Even though the age of coal is coming to an end, both State and Federal governments from Labor, Liberal and Nats have been falling over themselves to make this mega mine happen. 

Forget about the enormous damage to the aquifers, forget about the dredging of the harbour and terminal at Abbott Point, it took a small conservation group from the Mackay area to take the company and the federal gov to court and it was the plight of the Yakka Skink and the Ornamental snake that got the temporary halt on the mine........wow.


----------



## kingofnobbys (Aug 5, 2015)

Wally76 said:


> A little more on this subject.
> 
> http://www.heraldsun.com.au/business/breaking-news/commbank-exit-deals-another-blow-to-carmichael/story-fnn9c0hb-1227471711904



The people who want to develop the mine smell $ and lots of them. So unfortunately I doubt we've heard the last of this. 

One wonders if this is another case of the NSW decease , Queensland style (corrupt ministers getting kickbacks from big mining companies to push through mining projects despite local community resistance and against the longer term environment and regional needs). 

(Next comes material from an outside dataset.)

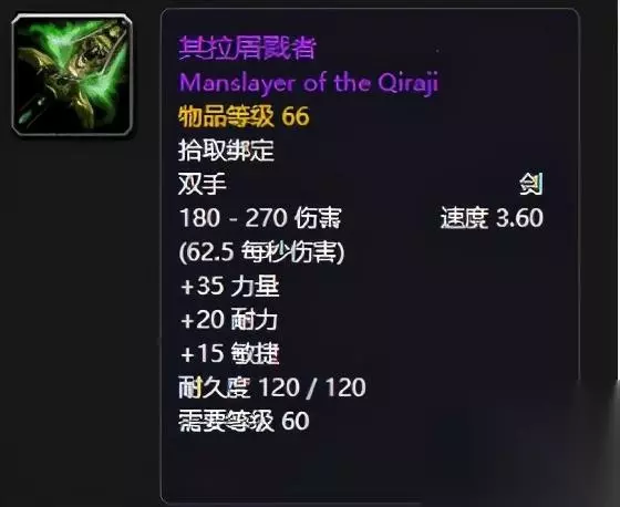 其拉屠戮者:掉落于拉贾克斯将军,这是一把非常强力的双手剑,提供了高额的三位属性加成,伤害也是非常的可观,我们来看看它的一个属性,每秒的伤害在62.5。而且白字属性很全面,装备后可以获得35点力量20点力量以及15点耐力,还是很不错的。

BTW isn't that prime area productive farming land . We need to get our priorities as a nation in order. It's certainly in the headwaters of our ONLY major river system and right on top of our largest artesian basin --- all very good reasons to kill such a destructive open cut mining project - let the Indians extract their own coal (they have heaps of it).

On the matter of thousands of jobs - not likely - least wise not jobs for Australians that are fulltime permanent and anyone employed will be on contract and FIFO rosters so local communities wont see any benefit from their being there (wont bring in families, wont spend money there).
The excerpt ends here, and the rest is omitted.